It’s Sunday, one week before Super Bowl LX.
The players arrive today at San Francisco International Airport on their team charter flights. The pilots routinely display the team flag out of the cockpit window in a salute to their passengers. The players check into their hotels and the tension for the upcoming game builds.
On Sunday, players, coaches and staff will look at the clock as 3:30 p.m. approaches and will think that in just one week at this hour they will be taking the field to play in the biggest game of their life.
Between now and next week’s game, there will be lots of distractions. Some caused by league activities they are required to attend, others of a more personal nature.

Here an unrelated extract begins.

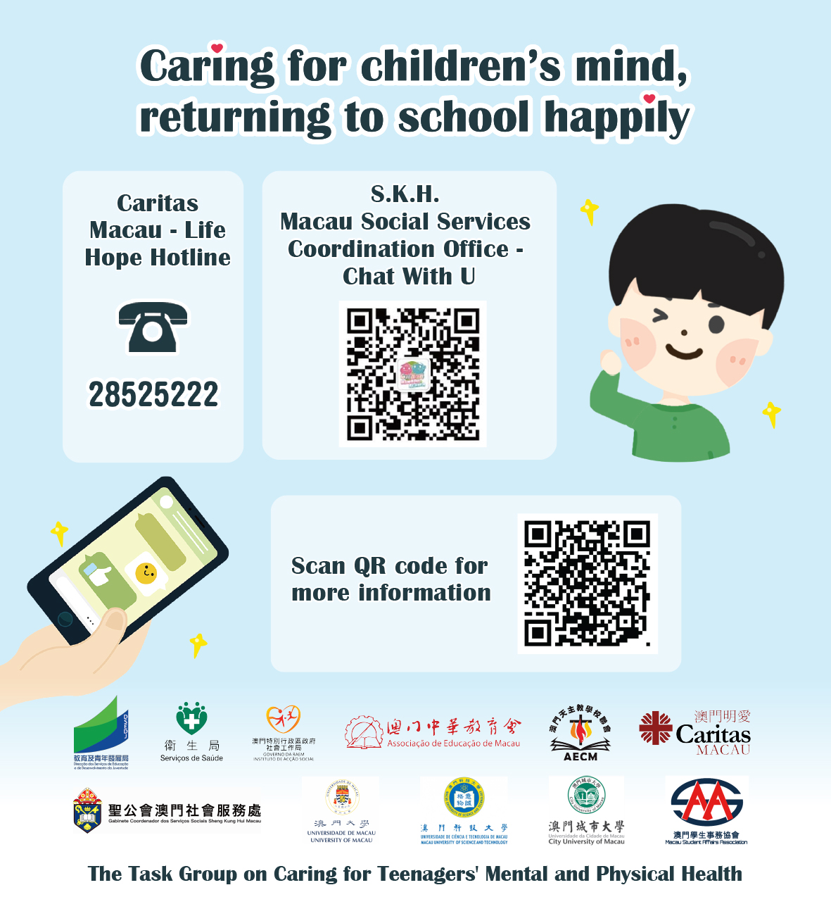 In addition, as Macao is still in the typhoon and rainstorm season in September, parents and students should remain vigilant at all times and pay attention to news about weather and traffic before going out. If classes are suspended due to bad weather, schools will keep the gate and school premises open, arrange for staff to take care of the students who have arrived at school and provide them with appropriate educational activities. Parents do not need to rush to fetch their kids from school. If a student is late or absent due to force majeure, the school is advised to flexibly handle it according to the actual situation.

There have been a number of incidents in past Super Bowls where players took a wrong turn in their game preparation. In the very first Super Bowl, before it was even known as a Super Bowl, Max Magee of the Green Bay Packers spent the night before the American and National Football League Championship Game out drinking with little regard for the curfew Vince Lombardi had imposed.
McGee, who along with teammate Paul Hornung, was a world class athlete off the field in activities better not advertised. McGee didn’t wander back into his hotel until the morning sun on January 15, 1967, had already lit up the eastern sky. He was hungover when he went through his morning drills at the Los Angeles Coliseum and implored starting receiver Boyd Dowler not to get hurt and force him to play.